DATA EXCERPT:
+ + + +
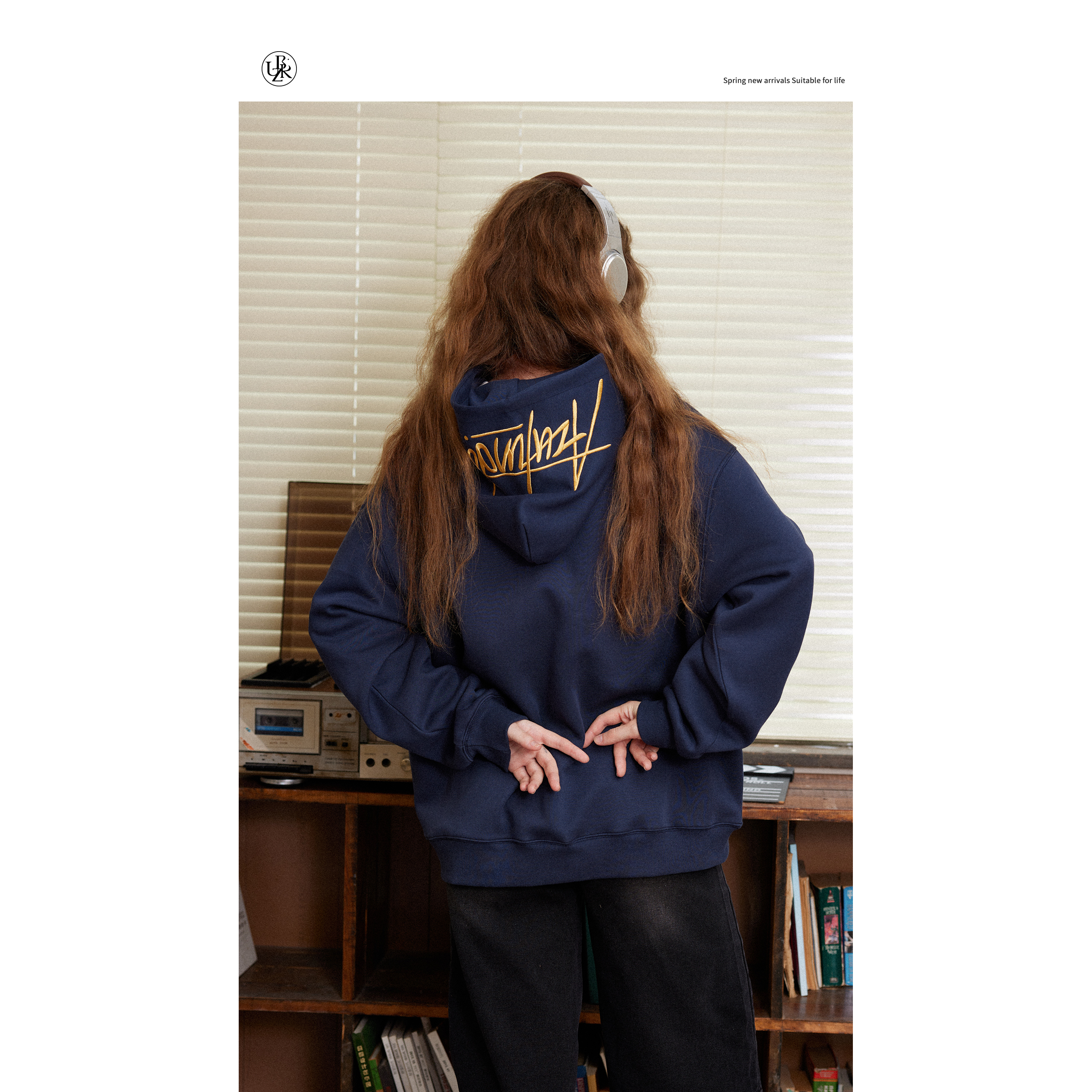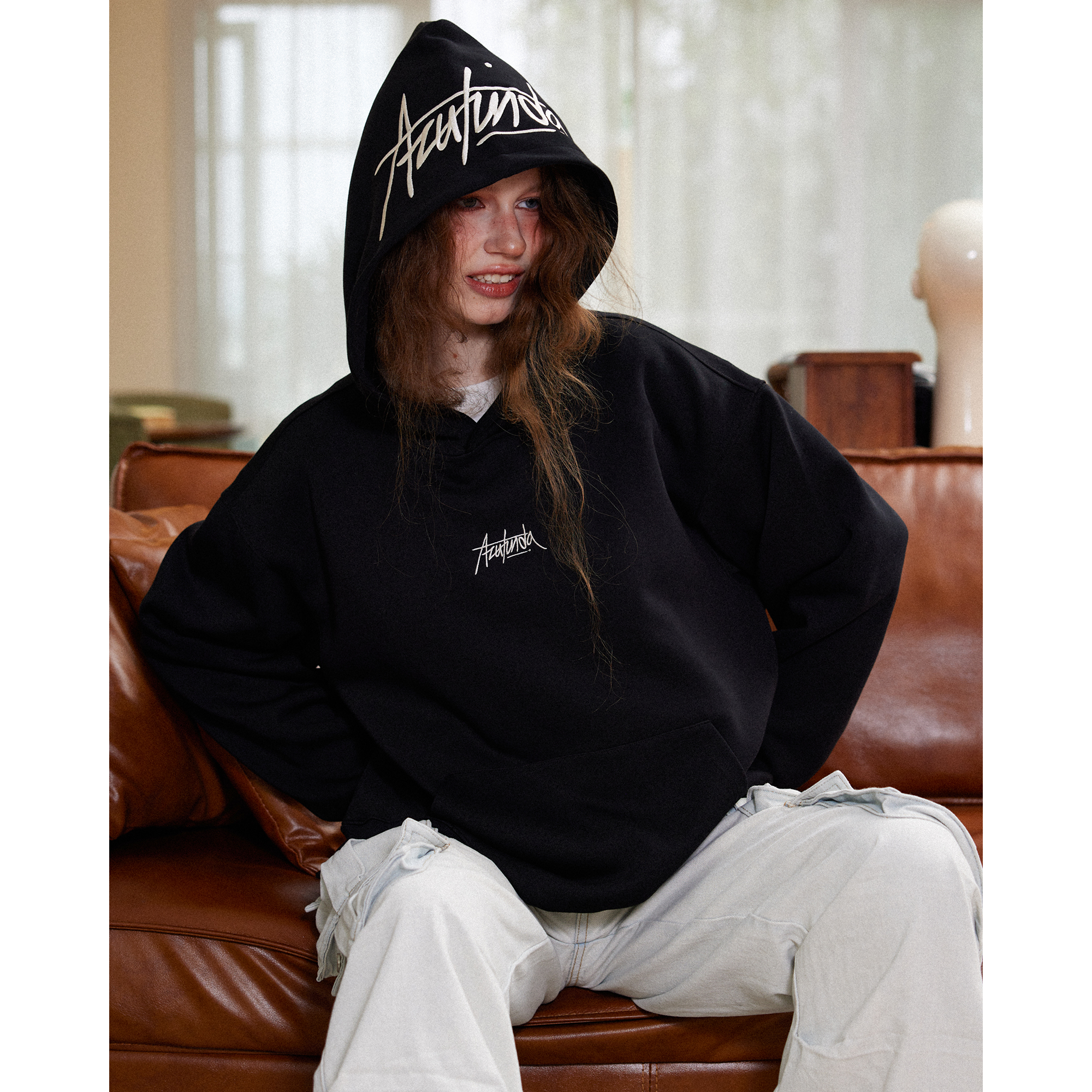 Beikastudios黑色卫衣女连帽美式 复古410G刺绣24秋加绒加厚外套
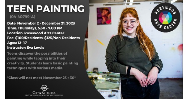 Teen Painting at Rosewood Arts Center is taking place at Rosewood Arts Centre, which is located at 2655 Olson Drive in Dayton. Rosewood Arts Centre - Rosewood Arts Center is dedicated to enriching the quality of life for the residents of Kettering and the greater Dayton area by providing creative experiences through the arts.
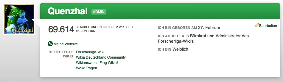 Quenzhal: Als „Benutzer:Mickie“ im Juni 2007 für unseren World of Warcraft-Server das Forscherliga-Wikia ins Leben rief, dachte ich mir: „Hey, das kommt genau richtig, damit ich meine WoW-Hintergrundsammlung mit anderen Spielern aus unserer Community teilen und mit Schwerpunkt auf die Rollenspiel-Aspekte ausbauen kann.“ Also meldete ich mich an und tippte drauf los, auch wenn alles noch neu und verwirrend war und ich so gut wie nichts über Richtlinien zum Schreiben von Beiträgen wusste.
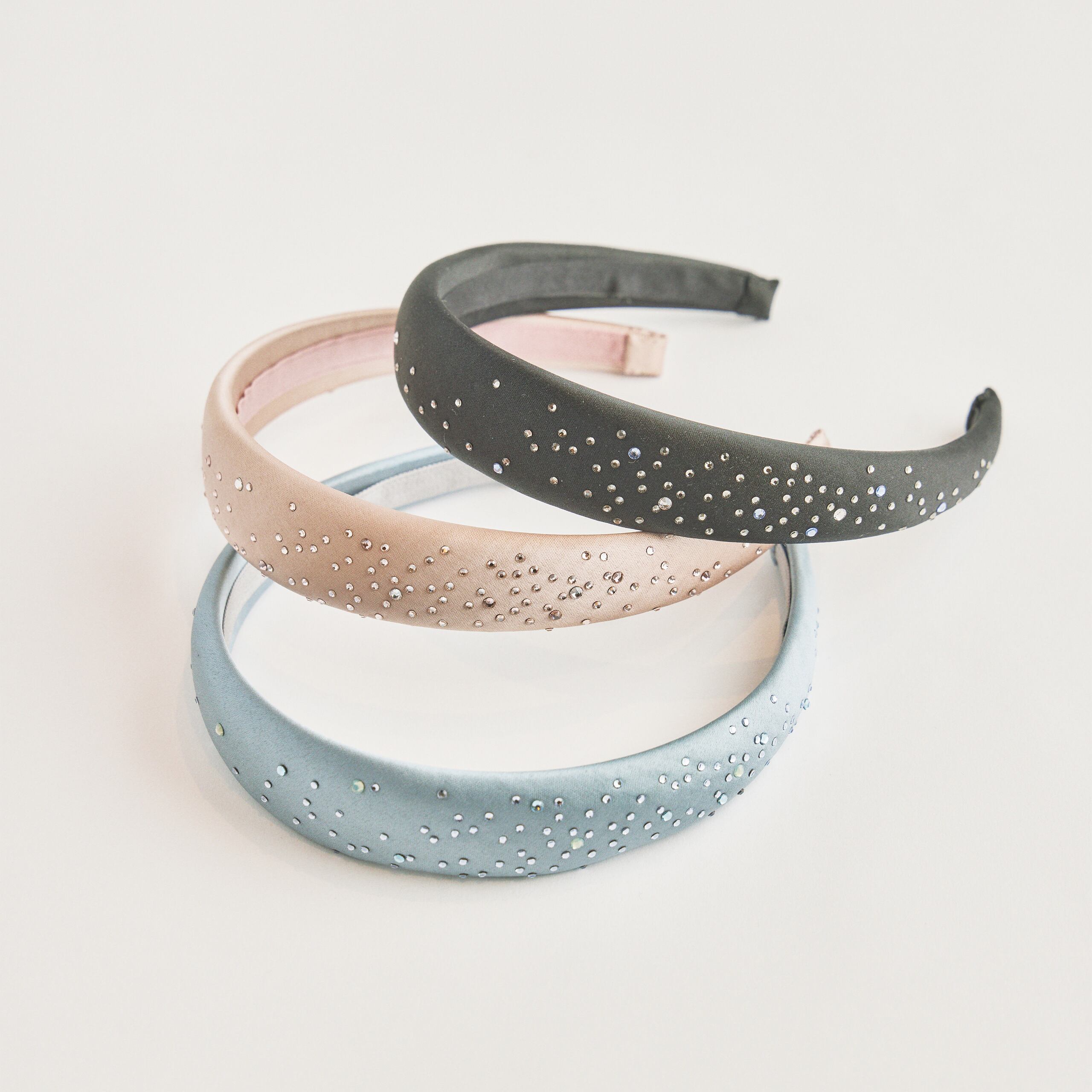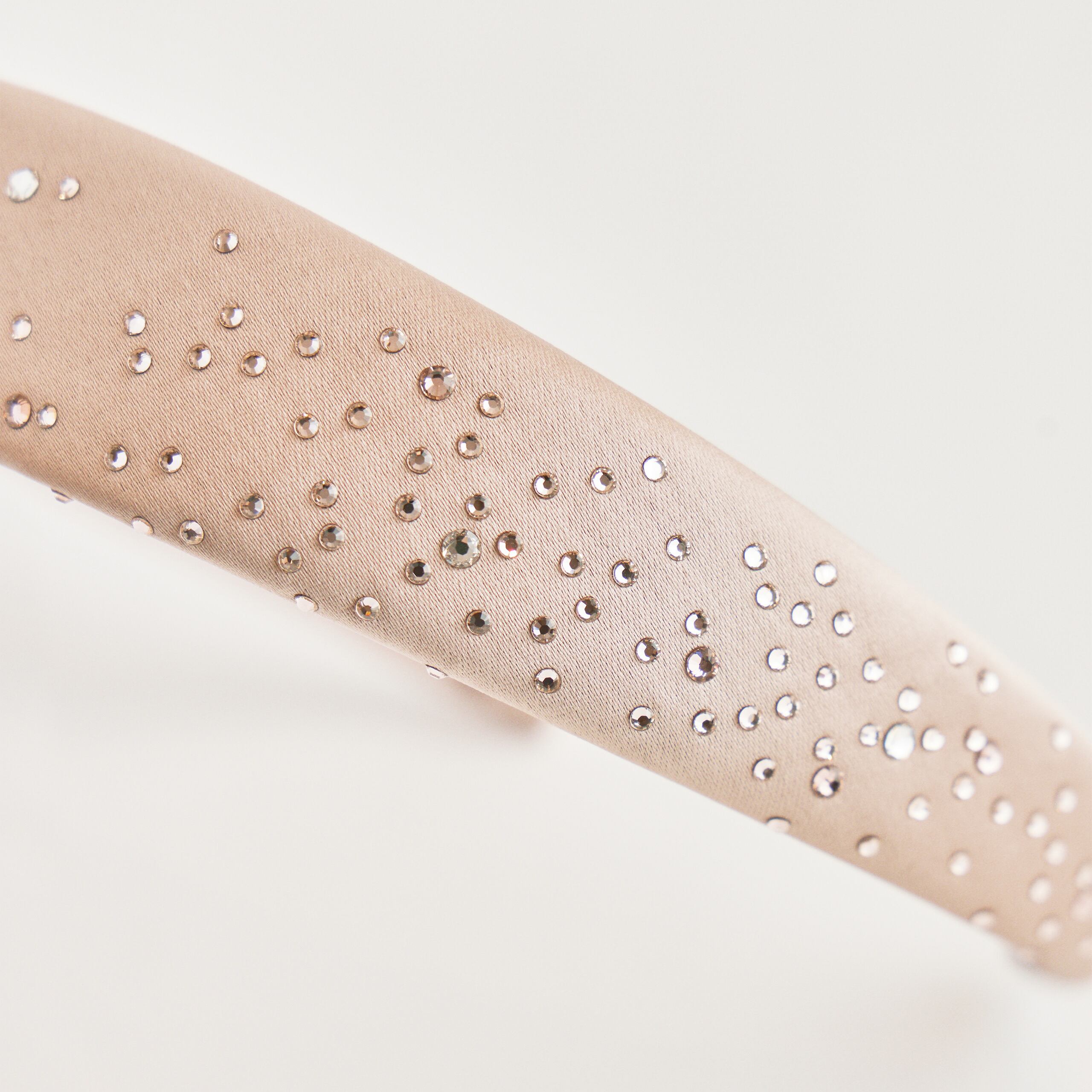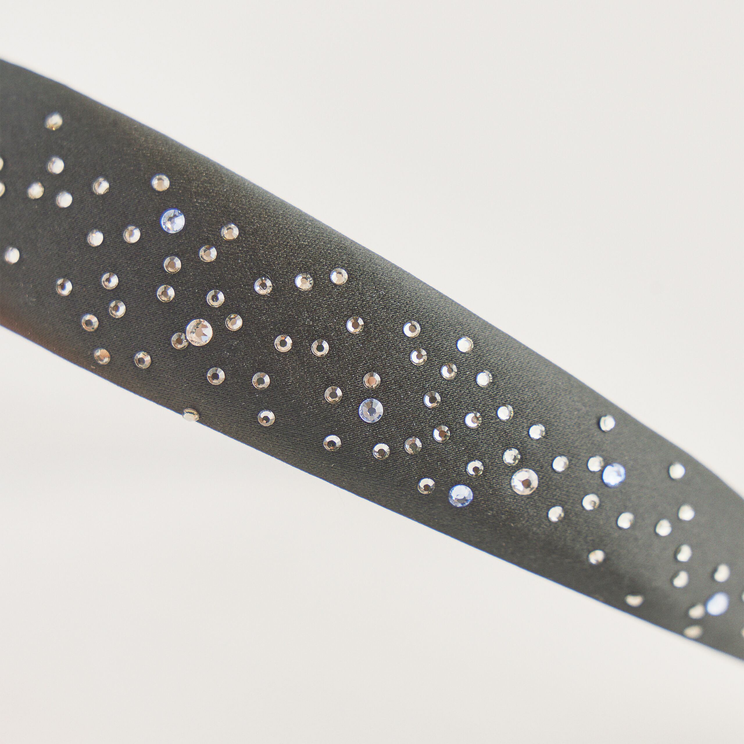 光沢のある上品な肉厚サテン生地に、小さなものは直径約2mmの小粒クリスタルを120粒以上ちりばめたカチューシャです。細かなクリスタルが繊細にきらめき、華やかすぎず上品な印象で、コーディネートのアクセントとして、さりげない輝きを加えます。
+ + + +
EXERCISE OBJECTIVE:
When you retype the listing, keep every line exactly as it is and drop the pictures.

ANSWER BELOW:
 Beikastudios黑色卫衣女连帽美式 复古410G刺绣24秋加绒加厚外套
 Teen Painting at Rosewood Arts Center is taking place at Rosewood Arts Centre, which is located at 2655 Olson Drive in Dayton. Rosewood Arts Centre - Rosewood Arts Center is dedicated to enriching the quality of life for the residents of Kettering and the greater Dayton area by providing creative experiences through the arts.
 Quenzhal: Als „Benutzer:Mickie“ im Juni 2007 für unseren World of Warcraft-Server das Forscherliga-Wikia ins Leben rief, dachte ich mir: „Hey, das kommt genau richtig, damit ich meine WoW-Hintergrundsammlung mit anderen Spielern aus unserer Community teilen und mit Schwerpunkt auf die Rollenspiel-Aspekte ausbauen kann.“ Also meldete ich mich an und tippte drauf los, auch wenn alles noch neu und verwirrend war und ich so gut wie nichts über Richtlinien zum Schreiben von Beiträgen wusste.
 光沢のある上品な肉厚サテン生地に、小さなものは直径約2mmの小粒クリスタルを120粒以上ちりばめたカチューシャです。細かなクリスタルが繊細にきらめき、華やかすぎず上品な印象で、コーディネートのアクセントとして、さりげない輝きを加えます。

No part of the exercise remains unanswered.